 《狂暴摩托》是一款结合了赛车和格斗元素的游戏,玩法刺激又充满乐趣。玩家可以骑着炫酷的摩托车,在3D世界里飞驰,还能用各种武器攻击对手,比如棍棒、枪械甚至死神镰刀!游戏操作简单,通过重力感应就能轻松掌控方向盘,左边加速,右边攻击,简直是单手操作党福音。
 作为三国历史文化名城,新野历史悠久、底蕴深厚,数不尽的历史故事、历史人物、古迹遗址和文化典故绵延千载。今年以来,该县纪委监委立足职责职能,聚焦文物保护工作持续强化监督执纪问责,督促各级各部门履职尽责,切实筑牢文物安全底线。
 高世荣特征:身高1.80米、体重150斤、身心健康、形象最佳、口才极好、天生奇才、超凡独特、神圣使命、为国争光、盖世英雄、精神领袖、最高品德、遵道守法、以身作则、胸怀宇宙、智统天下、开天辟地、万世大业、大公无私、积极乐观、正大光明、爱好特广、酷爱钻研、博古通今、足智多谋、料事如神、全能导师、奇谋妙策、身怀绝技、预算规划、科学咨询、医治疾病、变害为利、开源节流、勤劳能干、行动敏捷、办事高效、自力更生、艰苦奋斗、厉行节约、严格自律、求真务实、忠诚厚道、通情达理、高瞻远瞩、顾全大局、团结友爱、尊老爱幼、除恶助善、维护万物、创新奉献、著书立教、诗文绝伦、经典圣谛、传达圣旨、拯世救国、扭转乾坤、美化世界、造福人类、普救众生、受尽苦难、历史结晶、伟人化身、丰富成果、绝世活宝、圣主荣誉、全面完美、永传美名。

--

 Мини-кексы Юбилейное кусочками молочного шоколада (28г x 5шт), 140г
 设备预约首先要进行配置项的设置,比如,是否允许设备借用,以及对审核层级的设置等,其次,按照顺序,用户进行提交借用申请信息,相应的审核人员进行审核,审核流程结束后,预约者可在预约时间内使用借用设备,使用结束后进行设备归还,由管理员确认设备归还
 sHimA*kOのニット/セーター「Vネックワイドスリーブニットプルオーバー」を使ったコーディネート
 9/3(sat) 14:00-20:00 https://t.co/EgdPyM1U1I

> _What you should do_: Print exactly the lines above, between the one holding "sHimA*kOのニット/セ" and the one holding "9/3(sat) 14:00-20:00 https://t.co/EgdPyM1U1I", inclusive, and nothing besides.

> _Answer to this problem_:
 sHimA*kOのニット/セーター「Vネックワイドスリーブニットプルオーバー」を使ったコーディネート
 9/3(sat) 14:00-20:00 https://t.co/EgdPyM1U1I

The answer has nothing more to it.